Personal information
- Full name: Siegfried Stritzl
- Date of birth: April 12, 1944
- Place of birth: Yugoslavia
- Date of death: November 3, 2022 (aged 78)
- Height: 5 ft 6 in (1.68 m)
- Position: Midfielder

Senior career*
- Years: Team / Apps / (Gls)
- 1961–1968: Blau-Weiss Gottschee
- 1969: Baltimore Bays
- 1970: Blau-Weiss Gottschee
- 1971–1973: New York Cosmos / 20 / (3)

International career
- 1968–1973: United States / 11 / (2)

= Siegfried Stritzl =

American soccer player (1944–2022)

Siegfried Stritzl (April 12, 1944 – November 3, 2022) was an American soccer player who was the 1969 North American Soccer League Rookie of the Year. He also earned eleven caps, scoring two goals, with the U.S. national team between 1968 and 1973.

The Sigi Stritzl Award, given to exceptional high school and college students, is named in his honor.

==Professional career==
Stritzl was born in Yugoslavia. He spent six seasons with Blau-Weiss Gottschee of the German American Soccer League (GASL) between 1961 and 1968. In 1961, he was a member of the GASL Junior All Stars on a tour of Germany.^{} In 1963, Blau Weiss-Gottschee won the GASL championship.
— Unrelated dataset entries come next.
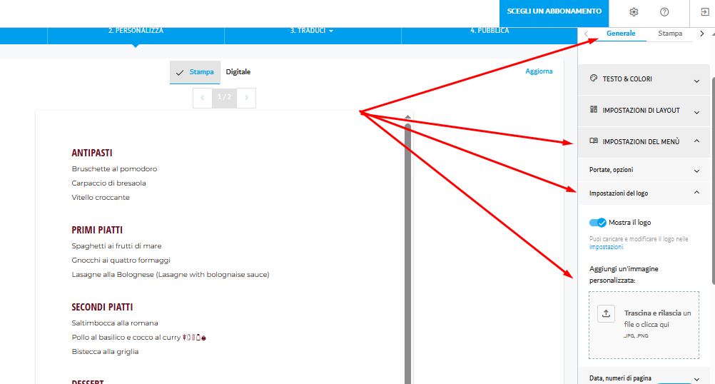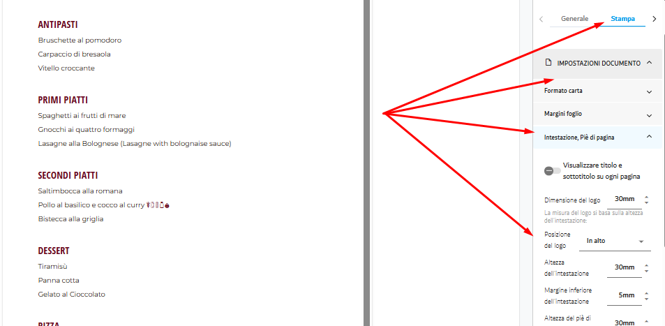 Puoi posizionare il tuo logo sia nella parte superiore che inferiore dell'intestazione e regolarne le dimensioni. Questa flessibilità ti permette di personalizzare il tuo logo in modo che si adatti meglio al design e al layout complessivo del tuo menu.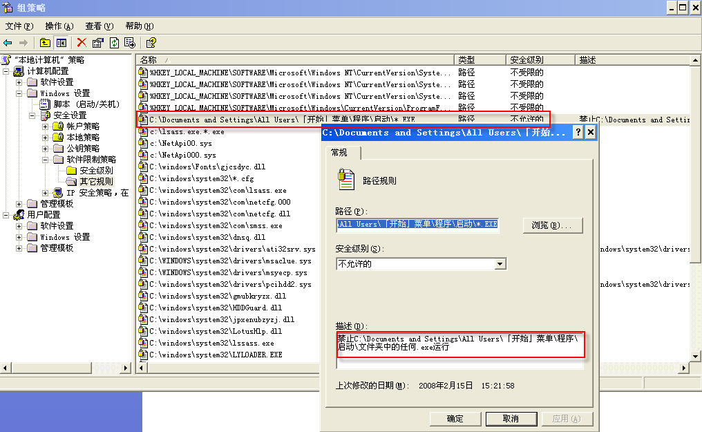 (1)用瑞星2008主动防御之“程序启动控制”或“组策略”中的“软件限制策略”禁止C:\Documents and Settings\All Users\「开始」菜单\程序\启动\netguy_updatefile.exe运行。
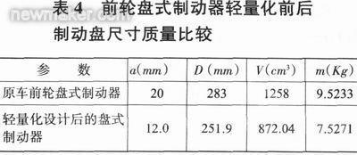 由表4显示,轻量化设计后,前轮制动盘体积由以前的1258cm3减小为872.04cm3,质量由以前的9.5233Kg减为7.5271Kg,质量减轻了20.96%。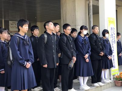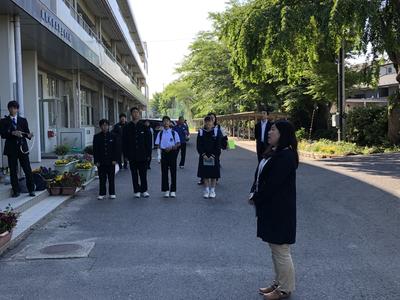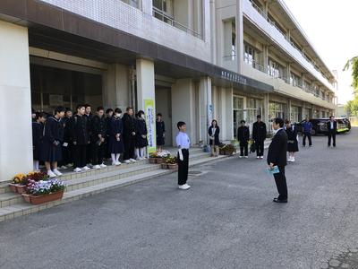 2019年5月22日 14時30分いよいよ2年生の学習旅行が明日に迫ってきました。今日は、結団式と集団行動訓練を行いました。とりあえず、整列や写真隊形など大丈夫そうです。明日はかなり暑くなりそうなので、熱中症対策も含めて、健康管理を十分心がけてほしいと思います。2年生の皆さん、今晩は勉強を少しやって(ゲームやスマホは控えめに)、早めに寝ましょう。

In 1969, the Baltimore Bays of the North American Soccer League (NASL) signed Stritzl. While the Bays finished the season with the league's worst record and folded at the end of the season, Stritzl was named the NASL Rookie of the Year. With the collapse of the Bays, Stritzl returned to the Blau Weiss-Gottschee for the 1970 GASL season. However, in 1971, the New York Cosmos of NASL signed Stritzl. He was named as a First Team NASL All Star that season as the Cosmos lost to the Atlanta Chiefs in the playoff semifinals. In 1972, Stritzl was a Second Team All Star, but this year the Cosmos won the league title, defeating the St. Louis Stars. In 1973, Stritzl played his last season in the NASL. Stritzl played forty-seven NASL regular-season and four post-season games. In 1971, he scored three goals in twenty-one games, several on free kicks where he bent the ball around defensive wall formations. Stritzl dubbed this technique his "banana kick".

==International career==
Stritzl earned eleven caps with the U.S. national team. His first game with the national team came in a 4–0 loss to Israel on September 25, 1968. A month later, his second cap came in a world cup qualifying loss to Canada. Stritzl scored his first of two goals with the national team in the 4–2 loss. Stritzl continued to play for each U.S. national team games in 1968 and 1969. His second goal came in a 5–2 loss to Haiti on October 21, 1968. After the U.S. failed to qualify for the 1970 FIFA World Cup, Stritzl was not called into the national team again until a March 20, 1973 loss to Poland when he came on for Manfred Seissler. That was his last game with the national team.

==Personal life and death==
Stritzl died on November 3, 2022, at the age of 78.